Although, achieving adequate overall intakes of fruits and vegetables are important, greater focus on variety is needed to support the health benefits conferred by various vitamins, minerals and phytochemicals (US Department of Agriculture, 2010). While some nutrients are commonly found in many fruits and vegetables, such as vitamins A and C, and potassium, there can be vast differences in overall nutrient content (Drewnowski, 2005). Consumption of a variety of fruits and vegetables can increase the likelihood of a greater nutrient intake in children (US Department of Agriculture, 2010). To date, a paucity of research with children and adolescents has examined fruit and vegetable intakes separately (Ramsay et al., 2014, Krolner et al., 2011) as well as the actual benefit of consuming a variety of fruits and vegetables (Ramsay et al., 2014). While the Dietary Guidelines for Americans (US Department of Agriculture, 2010) has consistently encouraged the consumption of a variety of fruits and vegetables, and previous research suggest a consumption of a variety of fruits and vegetables is linked with overall nutrient intakes in young children (Ramsay et al., 2014), there is a need for further research.
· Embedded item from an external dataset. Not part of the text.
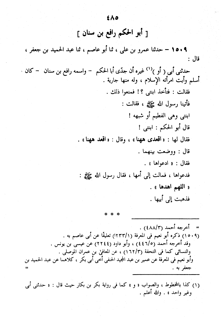 1509 - حَدَّثَنَا عَمْرُو بْنُ عَلِيٍّ، ثنا أَبُو عَاصِمٍ , ثنا عَبْدُ الْحَمِيدِ بْنُ جَعْفَرٍ , قَالَ: حَدَّثَنِي أَبِي، أَوْ غَيْرُهُ أَنَّ جَدِّي أَبَا الْحَكَمِ وَاسْمُهُ رَافِعُ بْنُ سِنَانَ كَانَ أَسْلَمَ وَأَبَتِ امْرَأَتُهُ الْإِسْلَامَ، وَلَهُ مِنْهَا جَارِيَةٌ، فَقَالَتْ: فَتَأْخُذُ ابْنَتِي؟، فَمَنَعُوا ذَلِكَ، فَأَتَيْنَا رَسُولَ اللَّهِ صَلَّى اللهُ عَلَيْهِ وَسَلَّمَ فَقَالَتِ: ابْنَتِي، وَهِيَ الْفَطِيمُ أَوْ شَبَهُهُ، قَالَ أَبُو الْحَكَمِ: ابْنَتِي، فَقَالَ لَهَا: «اقْعُدِي هَاهُنَا» ، وَقَالَ: «اقْعُدْ هَاهُنَا» ، قَالَ: وَوُضِعَتْ بَيْنَهُمَا، فَقَالَ: «ادْعُوَاهَا» ، فَدَعَوَاهَا، فَمَالَتْ إِلَى أُمِّهَا، فَقَالَ رَسُولُ اللَّهِ صَلَّى اللهُ عَلَيْهِ وَسَلَّمَ: «§اللَّهُمَّ اهْدِهَا» ، فَذَهَبَتْ إِلَى أَبِيهَا

Children's eating behaviors develop in early childhood (Birch and Fisher, 1998) and are related to food preference and intake in adolescence (Skinner et al., 2002). Much of the health promotion efforts for children's consumption of fruits and vegetables have emphasized quantity rather than a variety (Evans et al., 2012); however, reinforcing and supporting intakes and liking of a variety of fruit and vegetables in early childhood could have important implications for improving children's overall diet quality and health status later in life.
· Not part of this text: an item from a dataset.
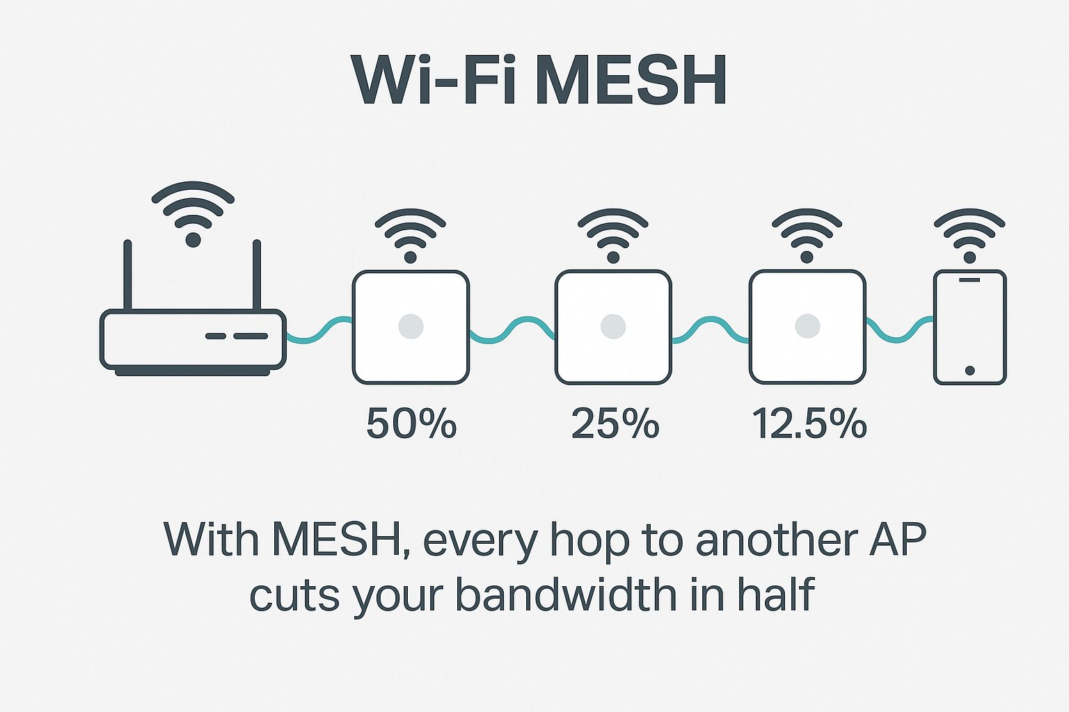 Never setting up your Wi-Fi in MESH mode, it’s only a shortcut, a lazy way, not a professional solution. In a MESH setup, each hop between devices cuts your available bandwidth, so by the time it reaches the last unit, you may be left with just a fraction of the original speed. A properly designed network doesn’t rely on MESH. Speak to us for professional guidance on building a reliable network in any environment without these limitations.

To fill the gap in evidence for the relationship between variety in children's fruit and vegetable intakes and overall diet quality (Ramsay et al., 2014), the purpose of this study was to assess whether consumption of a variety of fruits and vegetables, respectively, was associated with a greater diet quality among preschool-aged children as measured using the Healthy Eating Index 2010 (HEI-2010) (Guenther et al., 2013, Guenther et al., 2014). Specific objectives of the study were to: 1) Describe children's fruit and vegetable intake in terms of amount and variety of fruit and vegetables; 2) Determine whether differences in overall diet quality exist among children based on the variety of fruit and vegetables consumed; 3) Determine whether differences exist in overall diet quality between children who consume commonly researched fruits and vegetables categories versus those who do not.

2. Methods

One day dietary intakes of children aged 2–5 years (n = 2595) from the 2005–2010 National Health and Nutrition Examination Survey were examined to identify the relationship between consuming a variety of fruits and vegetables and overall diet quality. These data represent a cross-sectional national nutrition monitoring survey that assessed the health and nutritional status of the non-institutionalized US population (Centers for Disease Control and Prevention, 2009). Household 24-h recall interviews were conducted to collect sociodemographic and personal characteristics. Physical examinations and dietary intake data were collected in a Mobile Examination Center. Data were collected in two-year cycles as NHANES employs a multi-stage, random sampling approach, with an oversampling of young children, adolescents, Hispanics, African Americans and low-income persons. Informed consent was obtained from all parents who volunteered to participate in the study before they provided information on their children's dietary intake. More information about the procedures utilized to collect the data is described elsewhere (Centers for Disease Control and Prevention, 2009). All protocols were approved by the NHANES ethics review board.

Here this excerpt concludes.